- Dataset section:

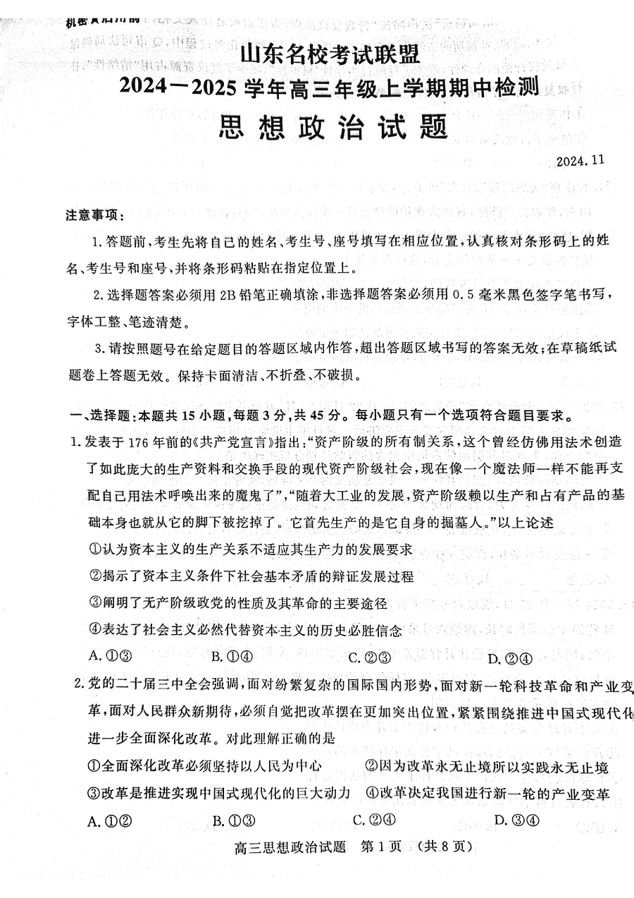 山东名校考试联盟2025届高三期中检测政治试题及答案 时间:2024-11-14 13:09 山东 文综试题 山东名校考试联盟2025届高三期中检测政治考试已于近日开考,为方便考生考后及时查看考试情况,查漏补缺、弥补不足,本文整理了试题答案解析相关信息! 汇总:山东名校考试联盟2025届高三期中检测试题及答案汇总 政治试题及答案解析
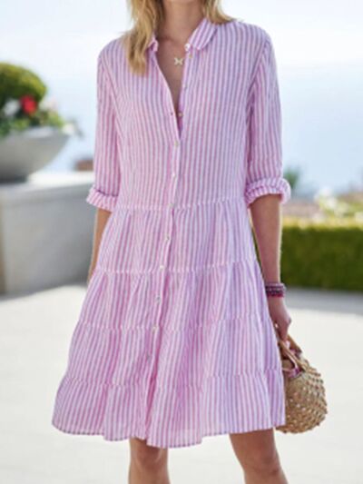 Full Size Striped Button-Down Shirt Dress with Tiered Ruffle Hem Plus Size
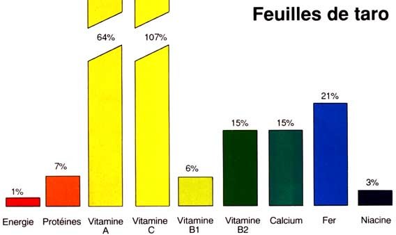 Les feuilles de taro fournissent en grande quantité la vitamine A, nécessaire à une bonne croissance, à la santé des yeux et à la prévention des maladies. Elles contiennent également de la vitamine C et de la vitamine B2 (riboflavine). La vitamine C assure la résistance des tissus, aide l'organisme à assimiler le fer et en facilite les échanges chimiques; la vitamine B2, ou riboflavine favorise elle aussi la croissance et la vue.

- Task instructions: Make an exact copy of the listing above. Do not include the pictures.

- Answer box:
 山东名校考试联盟2025届高三期中检测政治试题及答案 时间:2024-11-14 13:09 山东 文综试题 山东名校考试联盟2025届高三期中检测政治考试已于近日开考,为方便考生考后及时查看考试情况,查漏补缺、弥补不足,本文整理了试题答案解析相关信息! 汇总:山东名校考试联盟2025届高三期中检测试题及答案汇总 政治试题及答案解析
 Full Size Striped Button-Down Shirt Dress with Tiered Ruffle Hem Plus Size
 Les feuilles de taro fournissent en grande quantité la vitamine A, nécessaire à une bonne croissance, à la santé des yeux et à la prévention des maladies. Elles contiennent également de la vitamine C et de la vitamine B2 (riboflavine). La vitamine C assure la résistance des tissus, aide l'organisme à assimiler le fer et en facilite les échanges chimiques; la vitamine B2, ou riboflavine favorise elle aussi la croissance et la vue.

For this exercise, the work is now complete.